Brown Girl Dreaming

by Jacqueline Woodson

Penguin, 2014

352 pages

I don’t read a lot of poetry, and I’m not entirely sure why. When my poetry-loving friends put up Facebook posts sharing a favorite line or two from what they’re currently reading, I always think, “How beautiful. I really should read more poetry.”

Maybe verse is not my default because I like to get lost in books, and poetry feels very interruptive to me. I have a hard time gliding from poem to poem in a collection – my brain always has to make a clean stop and come up for air at the end of each poem.

The one exception is books that tell a story through a collection of individual poems. When I see a glowing review of one, I tend to go looking for it. That’s how I ended up with Jacqueline Woodson’s Brown Girl Dreaming, the author’s memoir-in-verse.

I originally picked up the book because, as I’ve mentioned on this blog, I am very interested in the subject of race, and it was clear from the book’s title (and the review I read) that this was a major theme in Woodson’s story.

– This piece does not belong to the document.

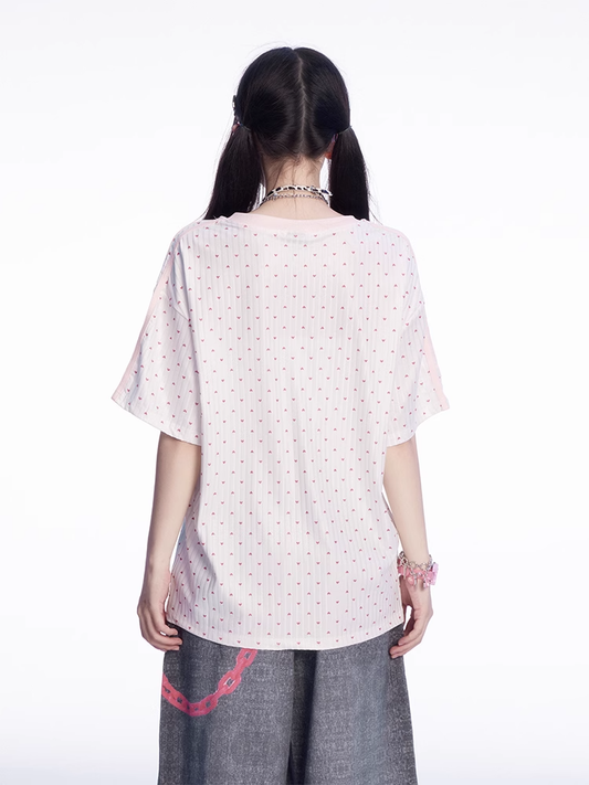 Pink Loose T-shirt V-neck Cartoon Girl Print Blokette Core

Woodson does indeed focus on race in the book, particularly on the differences between living in Ohio (where she was born), South Carolina (where she spent her early childhood), and New York City (where her family ultimately settled). As I would have expected for a memoir, she covers the intersection of social attitudes and movements with her family’s own history: her great-great-grandfather’s Union service during the Civil War, the enforced and de facto segregation of her grandparents’ town in South Carolina, her mother’s participation in the Civil Rights movement.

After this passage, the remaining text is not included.